Vatican bank launches legal action in Malta over major investment loss

  • October 10, 2017
VATICAN CITY – The Vatican bank has initiated legal action in Malta against unnamed third parties because of "significant damages" incurred after a 17-million-euro investment.

The bank, formally known as the Institute for the Works of Religion, recently turned to judges in Malta to start civil action "against various third parties deemed liable of having caused significant damages" regarding "certain investment transactions in which it participated," the Vatican press office said Oct. 10.

Greg Burke, Vatican spokesman, told journalists the transaction involved "an initial investment of 17 million" euros made at the beginning of 2013. Determining the amount of total damage incurred would be up to the court in Malta, he added.

Launching the legal action demonstrates the bank's desire "to accept responsibility for abuses in the past," he said.

According to the written communique, such a move also reflects the bank's "commitment, in the interest of transparency, to report to the competent authorities any potential abuses perpetrated against it and to take, as in this instance, any appropriate action to protect its financial and reputational interests, including outside of the Vatican City State."

Pope Benedict XVI began a series of reforms in 2010 to increase oversight, transparency and accountability of the Vatican's financial activity.

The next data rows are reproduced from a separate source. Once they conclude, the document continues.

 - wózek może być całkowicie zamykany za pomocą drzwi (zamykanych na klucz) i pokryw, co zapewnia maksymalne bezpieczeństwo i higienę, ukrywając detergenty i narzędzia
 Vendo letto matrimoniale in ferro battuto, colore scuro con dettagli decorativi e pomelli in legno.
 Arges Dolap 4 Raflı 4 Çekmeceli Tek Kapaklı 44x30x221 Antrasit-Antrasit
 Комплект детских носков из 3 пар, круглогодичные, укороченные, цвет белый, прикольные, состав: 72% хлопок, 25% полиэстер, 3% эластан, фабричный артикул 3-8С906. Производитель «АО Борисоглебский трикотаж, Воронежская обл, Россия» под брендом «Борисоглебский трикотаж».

Top management at the bank saw a number of major changes over those years, including the July 2013 resignation of its director and the deputy director, Paolo Cipriani and Massimo Tulli, who were later found guilty of money laundering by a Rome court.

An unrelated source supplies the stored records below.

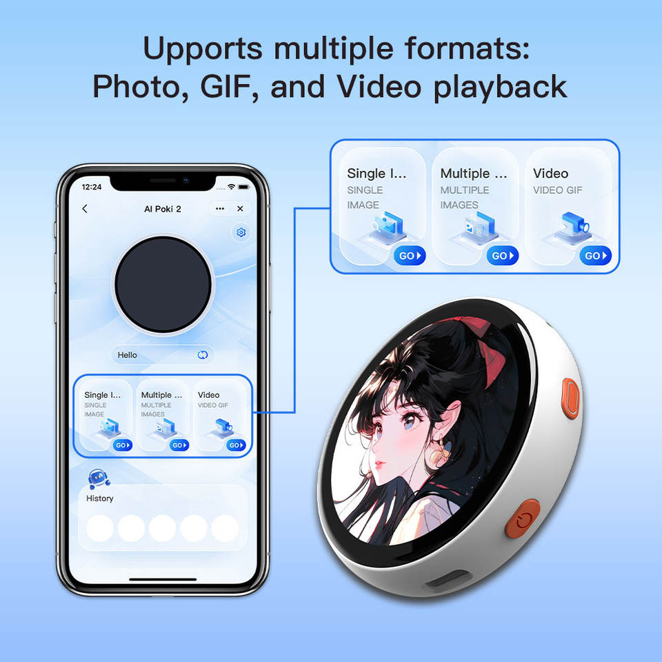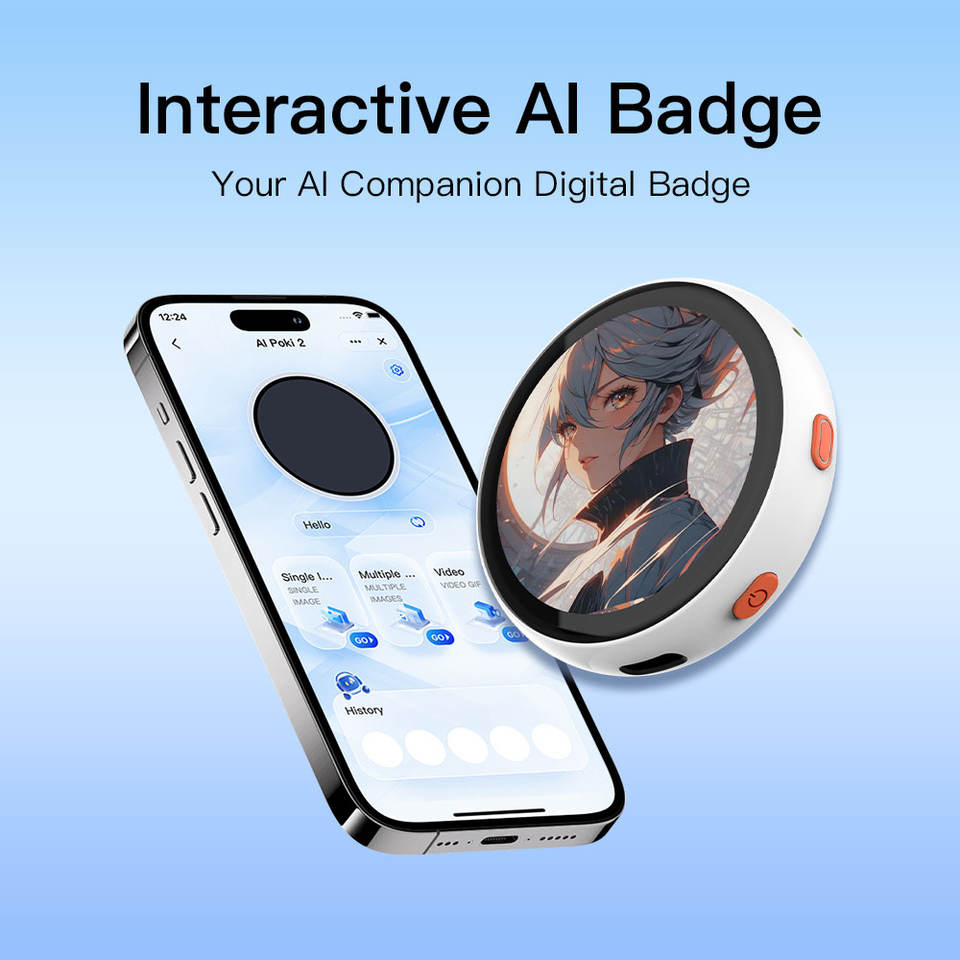 Badge numérique électronique avec écran tactile HD de 1,8 pouce, transfert de photos et de vidéos GIF, badge anime, badge WIFI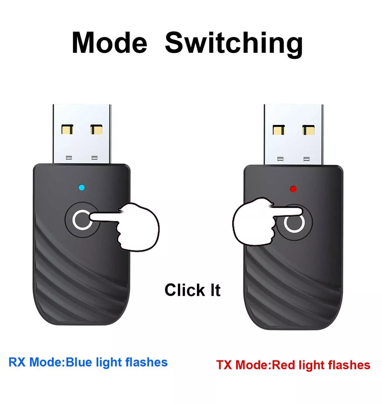 Mode Switching: Switch the mode by toggling the TX/RX switch and clicking the button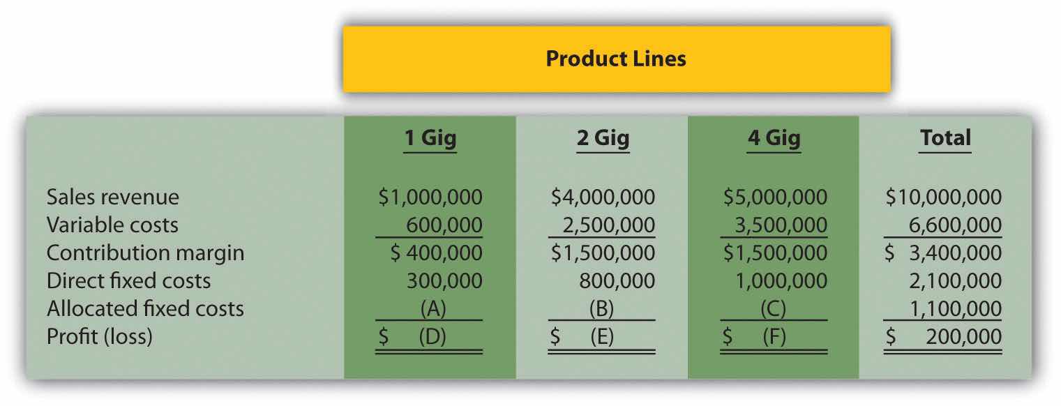 For items A, B, and C, assign allocated fixed costs to each product line based on sales revenue for each product line as a proportion of total sales revenue. For example, the 1 Gig product will be assigned 10 percent of allocated fixed costs (= $1,000,000 in 1 Gig sales revenue ÷ $10,000,000 total sales revenue), or $110,000 (=$1,100,000 total allocated fixed costs × 10 percent). For items D, E, and F, calculate the profit or loss for each product line.

Bank management again saw a major restructuring in 2014 as part of the larger reform of all Vatican financial institutions directed by the new Secretariat for the Economy.

In 2016, about 15,000 clients had nearly 6 billion euros in assets at the institute, which primarily invests in "very low-risk" financial instruments, according to its website. Individuals and entities allowed to have an account at the institute are Catholic institutions, clerics, employees or former employees of Vatican City State with salary and pension accounts, and embassies and diplomats accredited to the Holy See.

The latest report of MONEYVAL, the Council of Europe's anti-money laundering and counterterrorist financing body, found in 2015 that the Holy See had addressed most gaps in its laws and norms. However, it said there was still a greater need for implementing its anti-money laundering and counterterrorist protocols in terms of prosecutions, convictions and confiscating assets.